Building and Running on the Simulator

The Hexagon SDK provides a make wrapper that invokes SCons underneath. Both of the following commands produce the same result:

# Option 1: Use the make wrapper (invokes SCons internally)
cd $HEXAGON_SDK_ROOT
make V=hexagon_Release_dynamic_toolv84_v66 \
     tree=my_qurt_project

# Option 2: Invoke SCons directly
cd $HEXAGON_SDK_ROOT
python tools/build/scons/scons.py \
    V=hexagon_Release_dynamic_toolv84_v66 \
    my_qurt_project

Both commands build the project for the Hexagon v66 architecture using the v84 toolchain in release mode. The make wrapper is a convenience layer: it parses the V= and tree= arguments and forwards them to SCons. Using SCons directly gives you access to additional flags such as --jobs=N for parallel builds and --verbose for full compiler command output.

# Run on the simulator
hexagon-sim --simulated_returnval \
    --cosim_file osam.cfg \
    -- bootimg.pbn \
    -- my_qurt_app.so

The hexagon-sim command launches the QuRT simulator with your compiled application. The --simulated_returnval flag captures the return value from your main function, and --cosim_file points to the QuRT OS configuration.

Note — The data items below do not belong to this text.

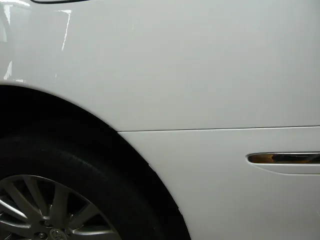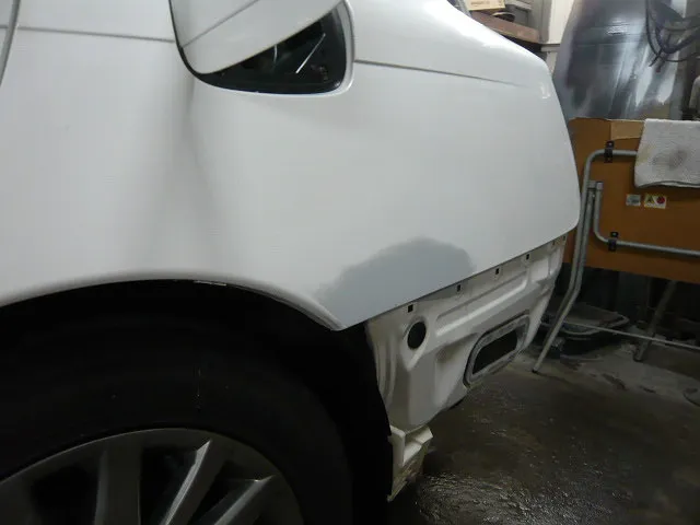 ホワイトパールに塗装し、磨き、バンパー、モール類を付けて完成となります^^ これぐらいの大きさの傷でも工期3~4日、金額は8~9万円程かかります。
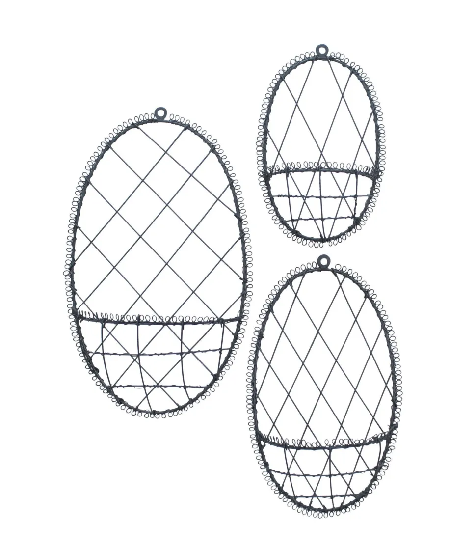 Die ideale Dekoration für Ostern! Lass deiner Kreativität freien Lauf und dekoriere was das Zeug hält mit diesen schönen Fil de fer Körben von Krasilnikoff. Dieses schöne Osterei 3er Set von Krasilnikoff kann an einem Haken aufgehängt und nach Saison dekoriert einen echten Eindruck hinterlassen. Das Set beinhaltet 3 verschiedengroße Körbe:
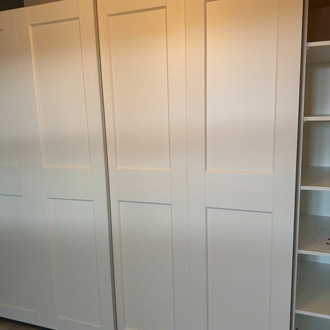 Vi har kjøpt inn ekstra hyller, så skapet har god plass til lagring av klær og annet.
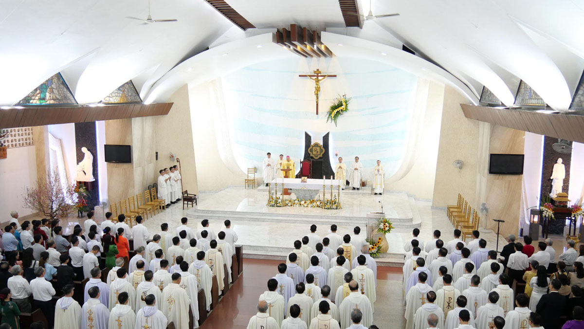 Thánh lễ Phong chức Phó tế diễn ra vào lúc 05g00 sáng hôm nay, 27/01/2024 tại Thánh đường Giáo xứ Mân Côi thuộc tu viện Rất Thánh Mân Côi, Gò Vấp. Đây cũng là cộng đoàn đào tạo lớn nhất trong Tỉnh dòng Đa Minh với Nhà Học và Trung tâm Học vấn, nơi quý thầy tiến chức đang thụ huấn.
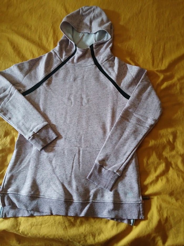 Sweat avec capuche Fermeture éclairs sur le côté Couleur rose moucheté gris Taille S

Working with Multiple Threads

Real QuRT applications have multiple threads running simultaneously. The producer-consumer pattern is one of the most common in DSP programming: one thread reads from hardware, another processes the data.

#include <stdio.h>
#include <qurt.h>

#define STACK_SIZE    8192
#define BUFFER_SIZE   16
#define NUM_ITEMS     100

/* Thread stacks */
static char producer_stack[STACK_SIZE] __attribute__((aligned(8)));
static char consumer_stack[STACK_SIZE] __attribute__((aligned(8)));

/* Shared buffer */
static int buffer[BUFFER_SIZE];
static int head = 0;
static int tail = 0;
static int count = 0;

/* Synchronization primitives */
qurt_mutex_t buffer_mutex;
qurt_cond_t  not_full;
qurt_cond_t  not_empty;

void producer_thread(void *arg)
{
    for (int i = 0; i < NUM_ITEMS; i++) {
        qurt_mutex_lock(&buffer_mutex);

        /* Wait until there is space in the buffer */
        while (count == BUFFER_SIZE) {
            qurt_cond_wait(&not_full, &buffer_mutex);
        }

        /* Produce an item */
        buffer[head] = i;
        head = (head + 1) % BUFFER_SIZE;
        count++;

        printf("[Producer] Put item %d (buffer count: %d)\n", i, count);

        /* Signal the consumer that data is available */
        qurt_cond_signal(&not_empty);
        qurt_mutex_unlock(&buffer_mutex);
    }

    qurt_thread_exit(QURT_EOK);
}

void consumer_thread(void *arg)
{
    for (int i = 0; i < NUM_ITEMS; i++) {
        qurt_mutex_lock(&buffer_mutex);

        /* Wait until there is data in the buffer */
        while (count == 0) {
            qurt_cond_wait(&not_empty, &buffer_mutex);
        }

        /* Consume an item */
        int item = buffer[tail];
        tail = (tail + 1) % BUFFER_SIZE;
        count--;

        printf("[Consumer] Got item %d (buffer count: %d)\n", item, count);

        /* Signal the producer that space is available */
        qurt_cond_signal(&not_full);
        qurt_mutex_unlock(&buffer_mutex);
    }

    qurt_thread_exit(QURT_EOK);
}

int main(void)
{
    qurt_thread_t producer, consumer;
    qurt_thread_attr_t attr;

    /* Initialize sync primitives BEFORE creating threads */
    qurt_mutex_init(&buffer_mutex);
    qurt_cond_init(&not_full);
    qurt_cond_init(&not_empty);

    /* Create producer (higher priority) */
    qurt_thread_attr_init(&attr);
    qurt_thread_attr_set_name(&attr, "producer");
    qurt_thread_attr_set_stack_addr(&attr, producer_stack);
    qurt_thread_attr_set_stack_size(&attr, STACK_SIZE);
    qurt_thread_attr_set_priority(&attr, 100);
    qurt_thread_create(&producer, &attr, producer_thread, NULL);

    /* Create consumer (lower priority) */
    qurt_thread_attr_init(&attr);
    qurt_thread_attr_set_name(&attr, "consumer");
    qurt_thread_attr_set_stack_addr(&attr, consumer_stack);
    qurt_thread_attr_set_stack_size(&attr, STACK_SIZE);
    qurt_thread_attr_set_priority(&attr, 110);
    qurt_thread_create(&consumer, &attr, consumer_thread, NULL);

    /* Wait for both threads to finish */
    int status;
    qurt_thread_join(producer, &status);
    qurt_thread_join(consumer, &status);

    /* Clean up */
    qurt_mutex_destroy(&buffer_mutex);
    qurt_cond_destroy(&not_full);
    qurt_cond_destroy(&not_empty);

    printf("All done! Produced and consumed %d items.\n", NUM_ITEMS);
    return 0;
}

This code implements a classic bounded-buffer producer-consumer pattern. The shared buffer is a circular array of 16 integers protected by a mutex. The producer writes items into the buffer and the consumer reads them out.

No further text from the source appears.